WORK REQUIRED:
An exact copy of every line from the one holding "These brass grooved" to the end of the entries below is required; leave the pictures out.

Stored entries
:::

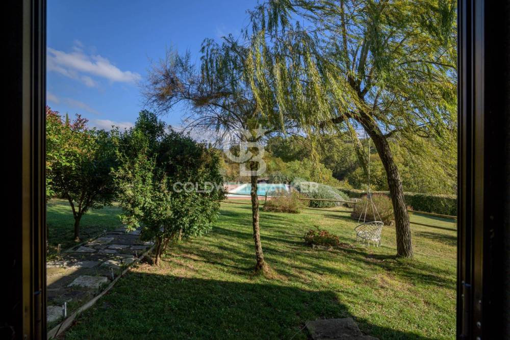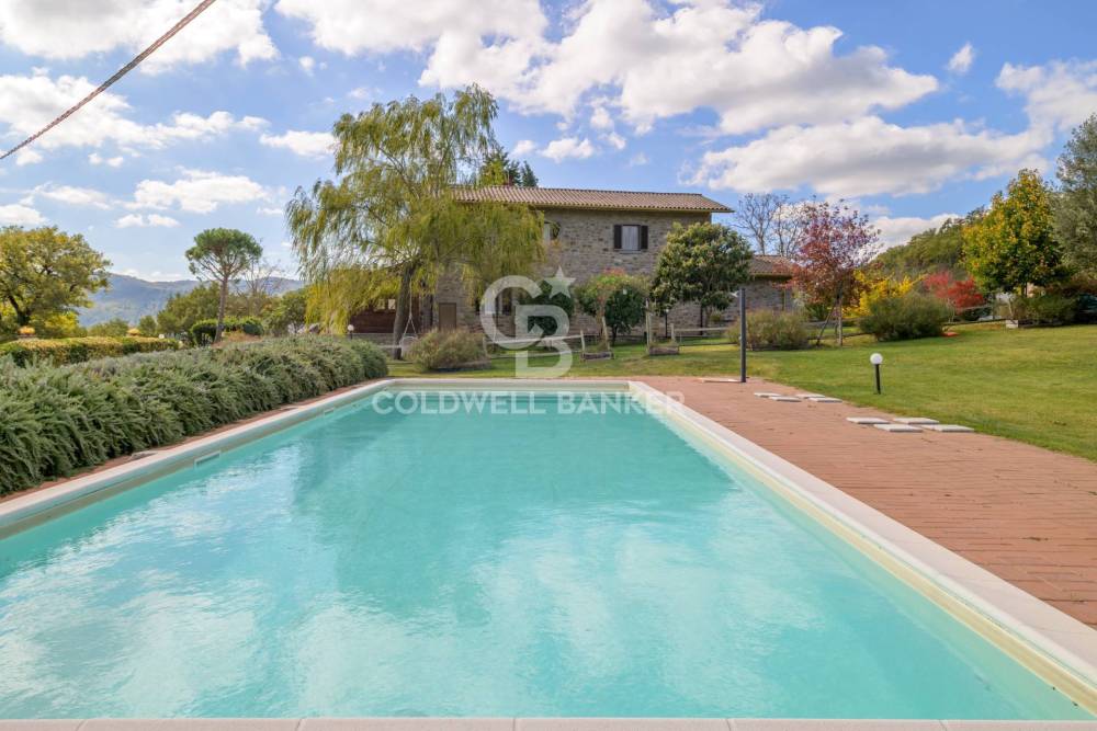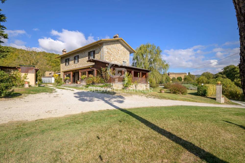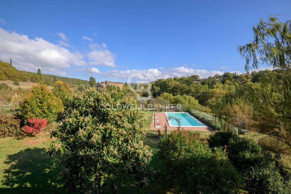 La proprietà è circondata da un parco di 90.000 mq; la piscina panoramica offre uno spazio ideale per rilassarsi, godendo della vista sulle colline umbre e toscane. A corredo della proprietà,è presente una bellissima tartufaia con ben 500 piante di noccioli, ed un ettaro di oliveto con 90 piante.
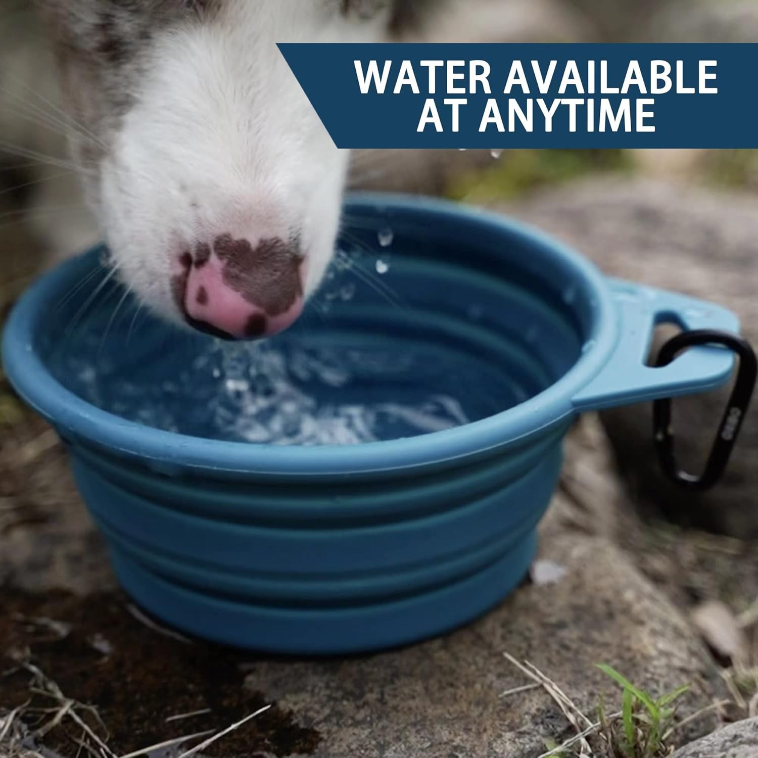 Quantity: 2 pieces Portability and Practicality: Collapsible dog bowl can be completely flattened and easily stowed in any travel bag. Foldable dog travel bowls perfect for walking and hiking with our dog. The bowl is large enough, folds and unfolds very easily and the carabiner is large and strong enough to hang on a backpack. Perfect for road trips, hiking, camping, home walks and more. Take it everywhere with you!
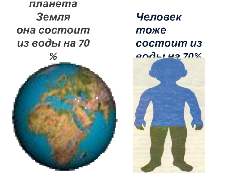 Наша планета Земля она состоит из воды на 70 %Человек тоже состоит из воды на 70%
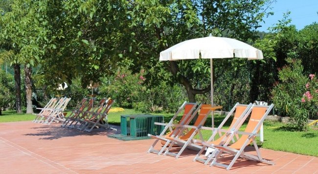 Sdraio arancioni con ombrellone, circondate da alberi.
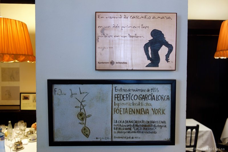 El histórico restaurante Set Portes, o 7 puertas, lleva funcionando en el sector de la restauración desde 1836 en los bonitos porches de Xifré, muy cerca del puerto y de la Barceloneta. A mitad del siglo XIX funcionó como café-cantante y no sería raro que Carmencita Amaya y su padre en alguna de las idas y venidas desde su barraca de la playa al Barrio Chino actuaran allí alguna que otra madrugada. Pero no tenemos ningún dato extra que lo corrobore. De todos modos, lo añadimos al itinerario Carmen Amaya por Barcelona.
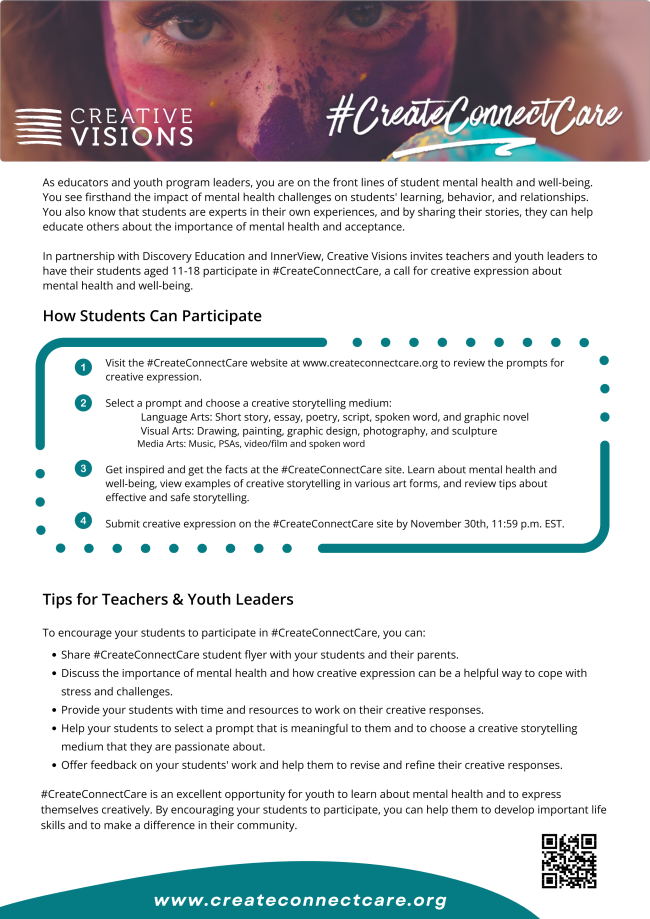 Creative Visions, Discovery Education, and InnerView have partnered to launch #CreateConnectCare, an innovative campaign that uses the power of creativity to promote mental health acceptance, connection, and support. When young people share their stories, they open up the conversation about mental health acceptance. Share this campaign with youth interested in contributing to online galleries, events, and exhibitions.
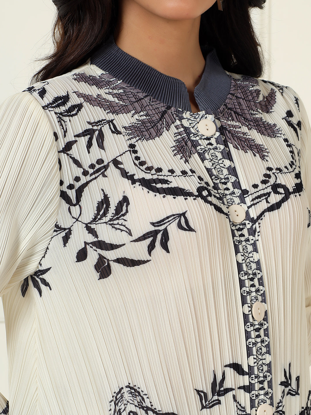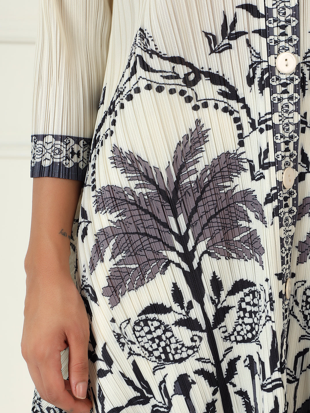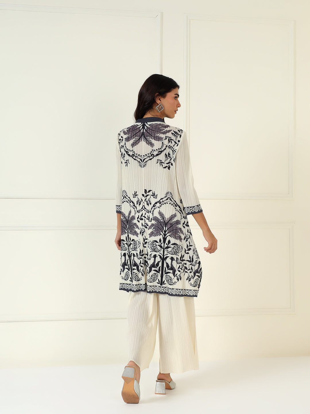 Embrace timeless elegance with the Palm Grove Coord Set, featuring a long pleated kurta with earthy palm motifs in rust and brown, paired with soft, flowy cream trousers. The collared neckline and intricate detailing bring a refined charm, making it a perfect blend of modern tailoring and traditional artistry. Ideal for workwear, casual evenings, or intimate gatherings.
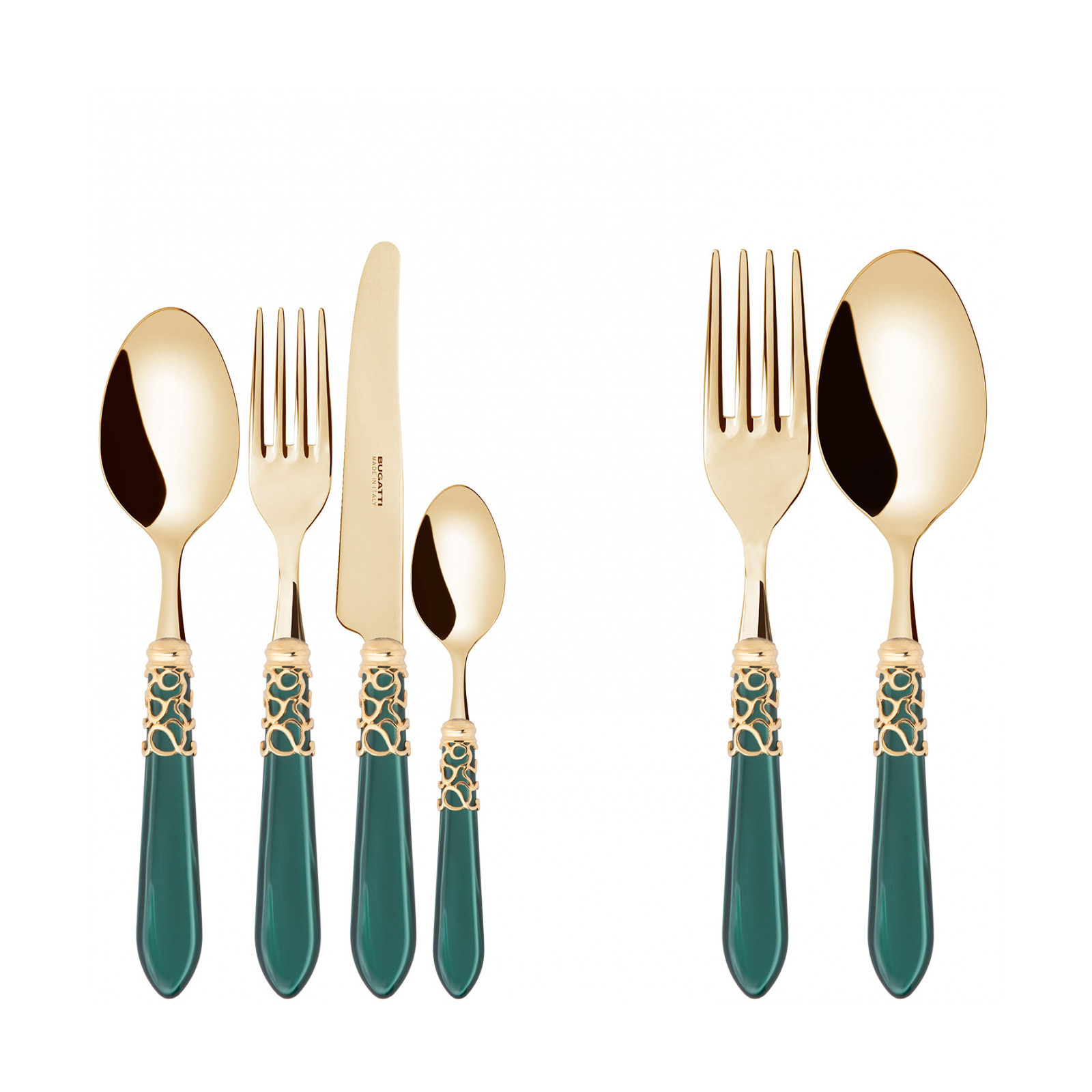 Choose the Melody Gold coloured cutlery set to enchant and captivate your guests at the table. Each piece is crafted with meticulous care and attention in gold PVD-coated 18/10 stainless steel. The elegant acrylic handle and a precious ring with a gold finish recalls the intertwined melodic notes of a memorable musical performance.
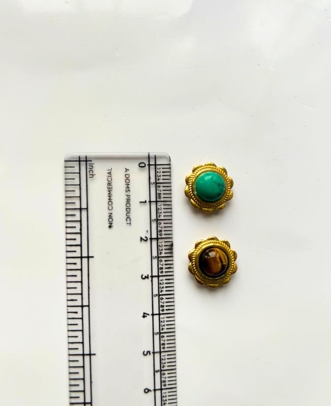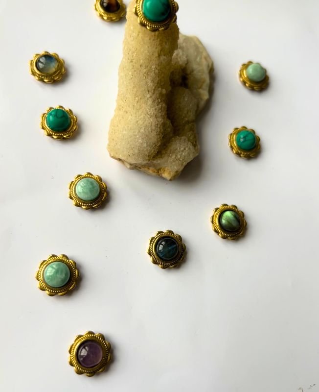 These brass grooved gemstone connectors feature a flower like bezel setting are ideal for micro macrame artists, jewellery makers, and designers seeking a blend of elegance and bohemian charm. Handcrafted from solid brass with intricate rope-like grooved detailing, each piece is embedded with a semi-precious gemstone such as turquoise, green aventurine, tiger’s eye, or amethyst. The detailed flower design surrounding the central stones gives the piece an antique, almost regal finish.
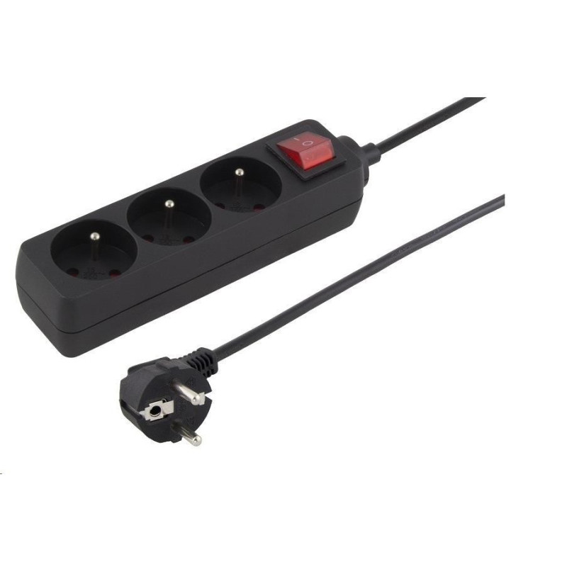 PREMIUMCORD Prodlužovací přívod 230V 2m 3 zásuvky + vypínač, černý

:::

RESPONSE AREA:
 These brass grooved gemstone connectors feature a flower like bezel setting are ideal for micro macrame artists, jewellery makers, and designers seeking a blend of elegance and bohemian charm. Handcrafted from solid brass with intricate rope-like grooved detailing, each piece is embedded with a semi-precious gemstone such as turquoise, green aventurine, tiger’s eye, or amethyst. The detailed flower design surrounding the central stones gives the piece an antique, almost regal finish.
 PREMIUMCORD Prodlužovací přívod 230V 2m 3 zásuvky + vypínač, černý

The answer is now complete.